(Given information begins)

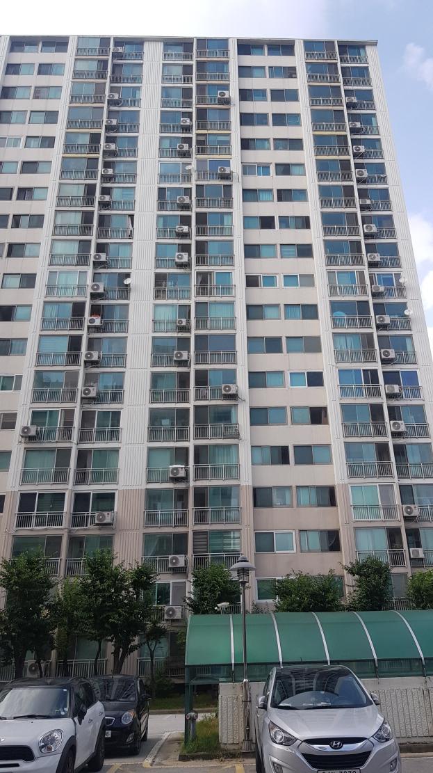 2000년대 아파트답게 에어컨환풍기가 다 밖에 나와있는 모습입니다
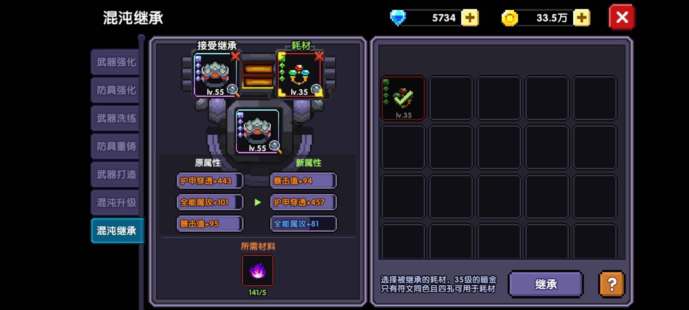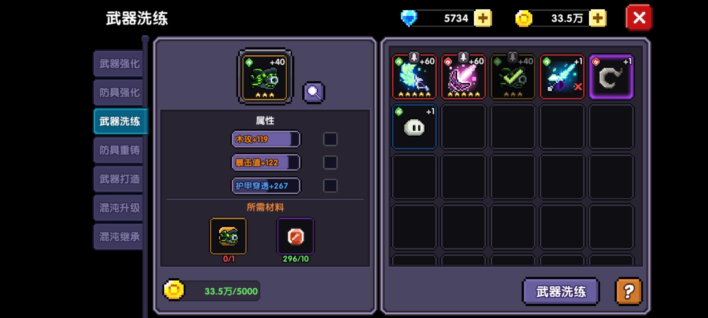 1.武器副属性,可以采用分解重复武器洗练词条,建议洗出紫护穿就停手,前期没多少洗练石
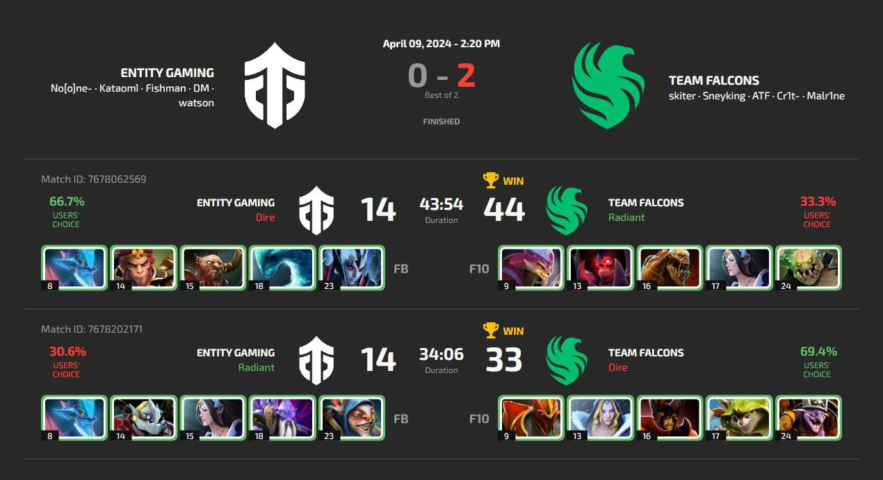 At the end of the day, Entity went for a second round of matches, this time against Team Falcons, who only needed one more win to guarantee their Playoffs position. Both games ended in favor of the MENA-backed squad, as they could continue to display their dominance.
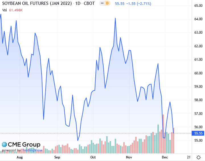 Фьючерсы на сою на Чикагской товарной бирже выросли в среду, поскольку новая экспортная сделка с Китаем вытащила рынок из минимумов. Министерство сельского хозяйства США сообщило что частные экспортеры продали 130000 тонн сои в Китай с поставкой в 2021/22 маркетинговом году. В свою очередь таможенное управление Китая сообщило что импорт сои в Китай вырос в ноябре из-за прибытия новых грузов из США. Всего Китай импортировал 8,57 миллиона тонн сои в ноябре, что на 68% больше по сравнению с 5,11 миллиона тонн в октябре, но меньше, чем 9,59 миллиона тонн за тот же период прошлого года. Ожидается, что в течение всего маркетингового года импорт соевых бобов из Китая в США сократится по сравнению с предыдущим годом. Данные показывают, что за первые 11 месяцев этого года Китай импортировал 87,65 миллиона тонн сои, что на 5,5% меньше, чем за тот же период прошлого года сообщает oilworld.ru.

(Given information ends)

Directions:
Every line above should be repeated exactly; pictures stay out of the copy.

Task response:
 2000년대 아파트답게 에어컨환풍기가 다 밖에 나와있는 모습입니다
 1.武器副属性,可以采用分解重复武器洗练词条,建议洗出紫护穿就停手,前期没多少洗练石
 At the end of the day, Entity went for a second round of matches, this time against Team Falcons, who only needed one more win to guarantee their Playoffs position. Both games ended in favor of the MENA-backed squad, as they could continue to display their dominance.
 Фьючерсы на сою на Чикагской товарной бирже выросли в среду, поскольку новая экспортная сделка с Китаем вытащила рынок из минимумов. Министерство сельского хозяйства США сообщило что частные экспортеры продали 130000 тонн сои в Китай с поставкой в 2021/22 маркетинговом году. В свою очередь таможенное управление Китая сообщило что импорт сои в Китай вырос в ноябре из-за прибытия новых грузов из США. Всего Китай импортировал 8,57 миллиона тонн сои в ноябре, что на 68% больше по сравнению с 5,11 миллиона тонн в октябре, но меньше, чем 9,59 миллиона тонн за тот же период прошлого года. Ожидается, что в течение всего маркетингового года импорт соевых бобов из Китая в США сократится по сравнению с предыдущим годом. Данные показывают, что за первые 11 месяцев этого года Китай импортировал 87,65 миллиона тонн сои, что на 5,5% меньше, чем за тот же период прошлого года сообщает oilworld.ru.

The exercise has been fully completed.